Court: NSA can continue sweeping phone data collection (Video)
The Foreign Intelligence Surveillance Court has granted the National Security Agency (NSA) permission to continue its collection of records on all U.S. phone calls.
The Office of the Director of National Intelligence announced the court’s approval in a statement late Friday. The court authorizes the program for only limited time periods and requires that the government submit new requests every several months for re-authorization.
{mosads}The existence of the bulk phone data collection was one of the most controversial revelations from the leaks by Edward Snowden.
The NSA uses the program to collect records such as phone numbers, call times and call durations on all U.S. phone calls—but not the contents of any conversations, according to the administration.
The NSA collects the records from the phone companies and compiles them in a massive database. NSA analysts are only allowed to search the database if there is a “reasonable, articulable suspicion” that a phone number is connected to terrorism.
Shawn Turner, a spokesman for Director of National Intelligence James Clapper, said the office decided to announce the court decision, which is usually kept secret, “in light of the significant and continuing public interest in the telephony metadata collection program.”

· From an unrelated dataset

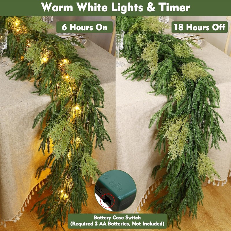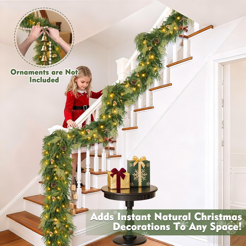 - Prelit 50 Warm Lights: This Christmas real touch cedar garland is prelit with 50 LED warm white lights, operated by batteries (not included). You can aslo DIY this pine garland, such as decorate bells, balls, pinecones ornaments with it to fit your space

Numerous lawmakers have expressed outrage at the NSA’s collection of records of millions of Americans who are not suspected of any wrongdoing.
Sen. Patrick Leahy (D-Vt.), the chairman of the Senate Judiciary Committee, and Rep. Jim Sensenbrenner (R-Wis.), the original author of the Patriot Act, are working on legislation that would prohibit the NSA from conducting bulk data collection.
“While I appreciate the recent efforts by the Court and the administration to be more transparent, it is clear that transparency alone is not enough,” Leahy said in a statement. “There is growing bipartisan consensus that the law itself needs to be changed in order to restrict the ability of the government to collect the phone records of millions of law-abiding Americans.”
—Updated at 9:34 p.m.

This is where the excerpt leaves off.